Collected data
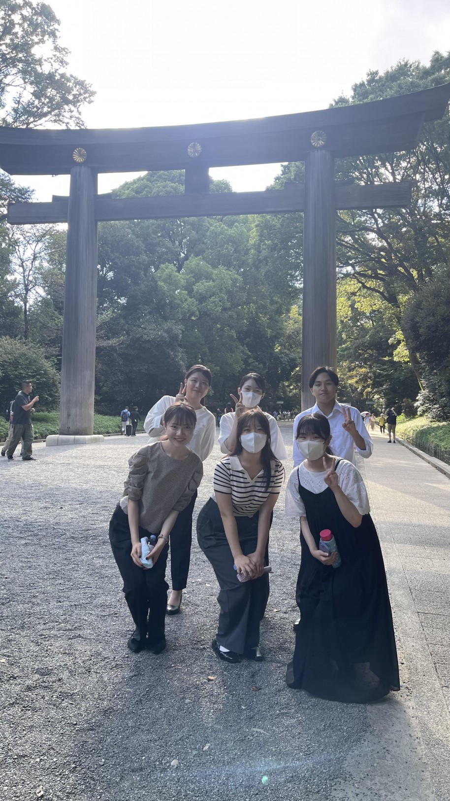 皆さんにご乗車いただき、車内では都内研修で学んだことなどを中心にご案内、そして明治神宮へ向かいました。明治神宮では、下車案内をしましたが、暑かったので本殿まで歩いてお参りをしたのちに車内に戻り次の目的地へと向かいました。
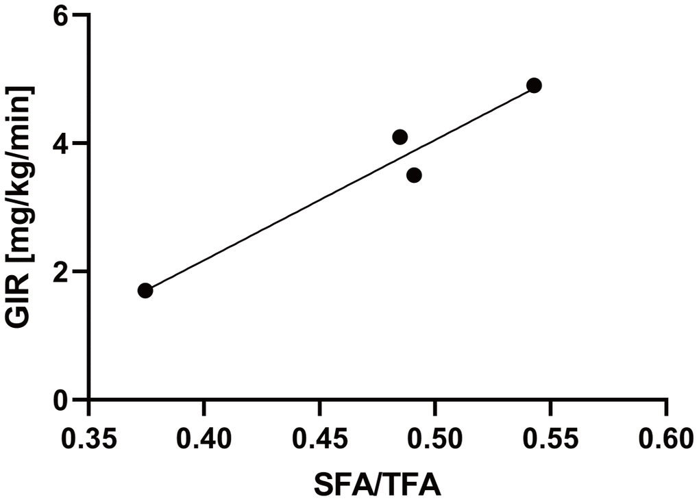 In this study, the hyperinsulinemic-euglycemic clamp technique was used to assess insulin resistance in four patients with WS attending our hospital. The characteristics of the four patients are listed in Table 1. Two of the four patients were female, and the median age of the patients was 46 years old (Table 1). The median values of the body mass index (BMI) and skeletal muscle mass index (SMI) were 19.5 and 4.7, respectively, indicating sarcopenia with a relatively small body weight (Table 1). Moreover, we assessed visceral and subcutaneous fat areas using abdominal computed tomography (CT), which showed visceral fat area (VFA) accumulation and a low percentage of the subcutaneous fat area (SFA) (Table 1). The median value of glucose infusion rate (GIR) was 3.8 mg/kg/min, indicating insulin resistance (normal range > 6.0 mg/kg/min; Table 1). Additionally, to investigate the association between lipodystrophy and insulin resistance, we compared subcutaneous fat area/total fat area (SFA/TFA) to the GIR and found a significant positive correlation (R2 = 0.95, p = 0.024; Figure 1). These results suggest that subcutaneous fat loss in patients with WS may be associated with aggravated insulin resistance.
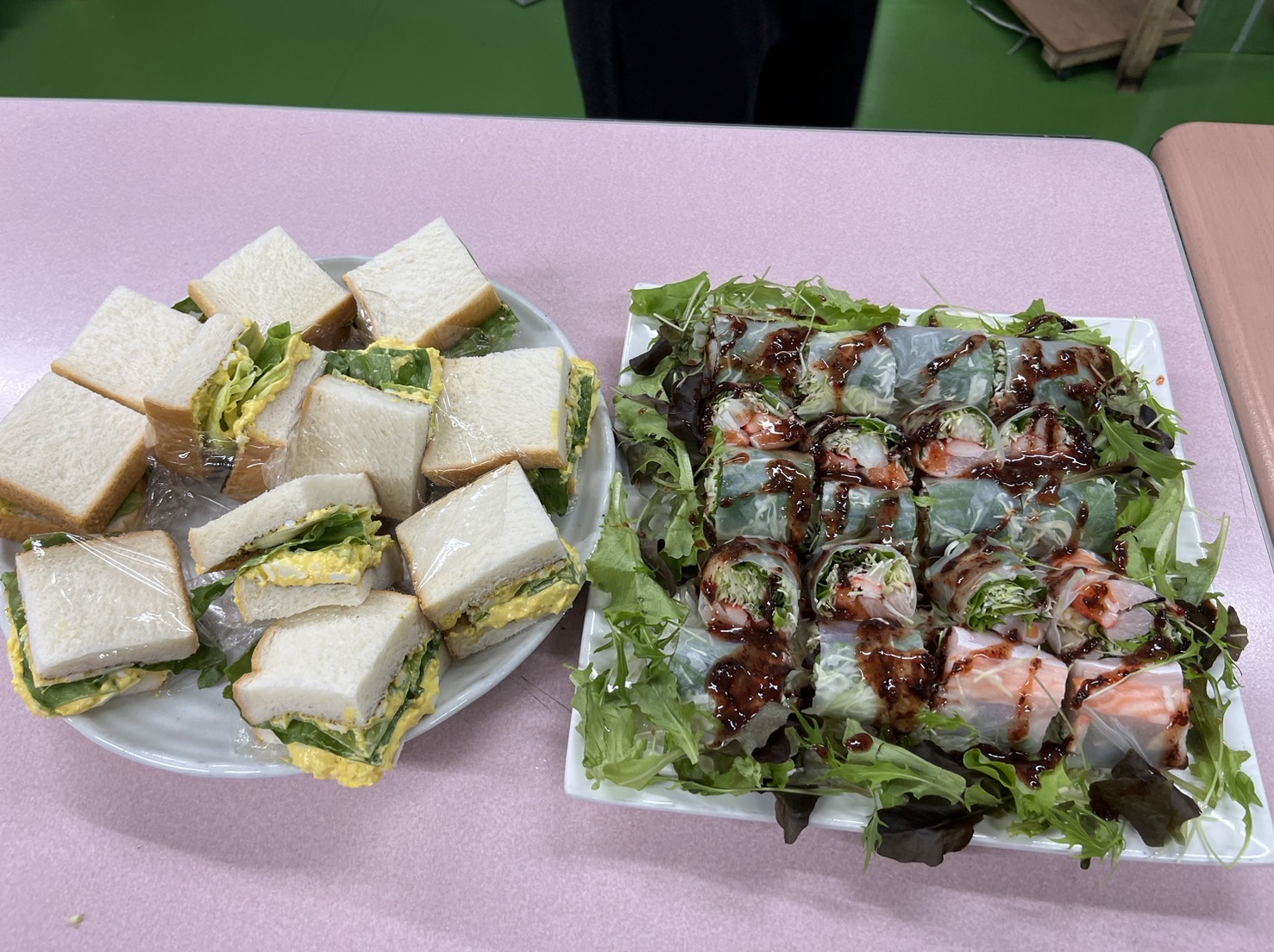 ヤンニョムチキンやサンドイッチ、ケーキなど、メンバーがメニューを考えて楽しく料理をしました♪
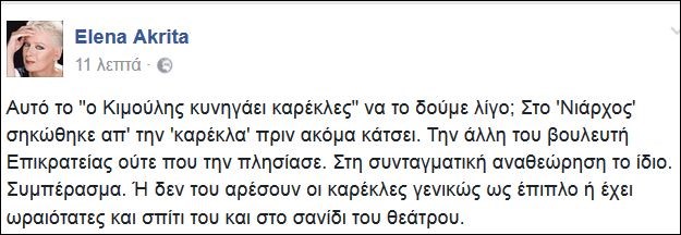 Με ανάρτησή της στον προσωπικό της λογαριασμό στο Facebook, η Έλενα Ακρίτα σχολίασε την παραίτηση του Γιώργου Κιμούλη από την θέση του προέδρου του Κέντρου Πολιτισμού «Σταύρος Νιάρχος». Η γνωστή δημοσιογράφος υπογράμμισε ότι με την κίνηση του αυτή, ο δημοφιλής ηθοποιός διέψευσε πανηγυρικά όσους υποστηρίζουν πως «κυνηγάει καρέκλες».Αναλυτικά το σχόλιο της Έλενας Ακρίτα:«Αυτό το “ο Κιμούλης κυνηγάει καρέκλες” να το δούμε λίγο; Στο ‘Νιάρχος’ σηκώθηκε απ’ την ‘καρέκλα’ πριν ακόμα κάτσει. Την άλλη του βουλευτή Επικρατείας ούτε που την πλησίασε. Στη συνταγματική αναθεώρηση το ίδιο. Συμπέρασμα. Ή δεν του αρέσουν οι καρέκλες γενικώς ως έπιπλο ή έχει ωραιότατες και σπίτι του και στο σανίδι του θεάτρου».
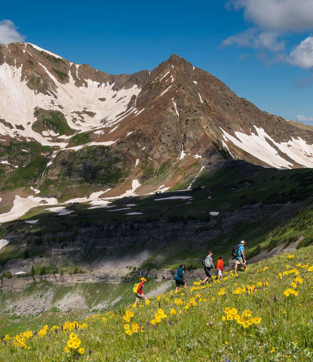 A local favorite, the Guides Ridge ascent is a ropesupported climb that follows an 800-foot ridge to Mount Crested Butte’s 12,162-foot summit. A stellar introduction to technical alpine ascents, this popular climb is suitable for adventurous families and seasoned climbers alike.

Instructions to follow
The job is to copy all the records precisely while omitting any picture.

Task response
 皆さんにご乗車いただき、車内では都内研修で学んだことなどを中心にご案内、そして明治神宮へ向かいました。明治神宮では、下車案内をしましたが、暑かったので本殿まで歩いてお参りをしたのちに車内に戻り次の目的地へと向かいました。
 In this study, the hyperinsulinemic-euglycemic clamp technique was used to assess insulin resistance in four patients with WS attending our hospital. The characteristics of the four patients are listed in Table 1. Two of the four patients were female, and the median age of the patients was 46 years old (Table 1). The median values of the body mass index (BMI) and skeletal muscle mass index (SMI) were 19.5 and 4.7, respectively, indicating sarcopenia with a relatively small body weight (Table 1). Moreover, we assessed visceral and subcutaneous fat areas using abdominal computed tomography (CT), which showed visceral fat area (VFA) accumulation and a low percentage of the subcutaneous fat area (SFA) (Table 1). The median value of glucose infusion rate (GIR) was 3.8 mg/kg/min, indicating insulin resistance (normal range > 6.0 mg/kg/min; Table 1). Additionally, to investigate the association between lipodystrophy and insulin resistance, we compared subcutaneous fat area/total fat area (SFA/TFA) to the GIR and found a significant positive correlation (R2 = 0.95, p = 0.024; Figure 1). These results suggest that subcutaneous fat loss in patients with WS may be associated with aggravated insulin resistance.
 ヤンニョムチキンやサンドイッチ、ケーキなど、メンバーがメニューを考えて楽しく料理をしました♪
 Με ανάρτησή της στον προσωπικό της λογαριασμό στο Facebook, η Έλενα Ακρίτα σχολίασε την παραίτηση του Γιώργου Κιμούλη από την θέση του προέδρου του Κέντρου Πολιτισμού «Σταύρος Νιάρχος». Η γνωστή δημοσιογράφος υπογράμμισε ότι με την κίνηση του αυτή, ο δημοφιλής ηθοποιός διέψευσε πανηγυρικά όσους υποστηρίζουν πως «κυνηγάει καρέκλες».Αναλυτικά το σχόλιο της Έλενας Ακρίτα:«Αυτό το “ο Κιμούλης κυνηγάει καρέκλες” να το δούμε λίγο; Στο ‘Νιάρχος’ σηκώθηκε απ’ την ‘καρέκλα’ πριν ακόμα κάτσει. Την άλλη του βουλευτή Επικρατείας ούτε που την πλησίασε. Στη συνταγματική αναθεώρηση το ίδιο. Συμπέρασμα. Ή δεν του αρέσουν οι καρέκλες γενικώς ως έπιπλο ή έχει ωραιότατες και σπίτι του και στο σανίδι του θεάτρου».
 A local favorite, the Guides Ridge ascent is a ropesupported climb that follows an 800-foot ridge to Mount Crested Butte’s 12,162-foot summit. A stellar introduction to technical alpine ascents, this popular climb is suitable for adventurous families and seasoned climbers alike.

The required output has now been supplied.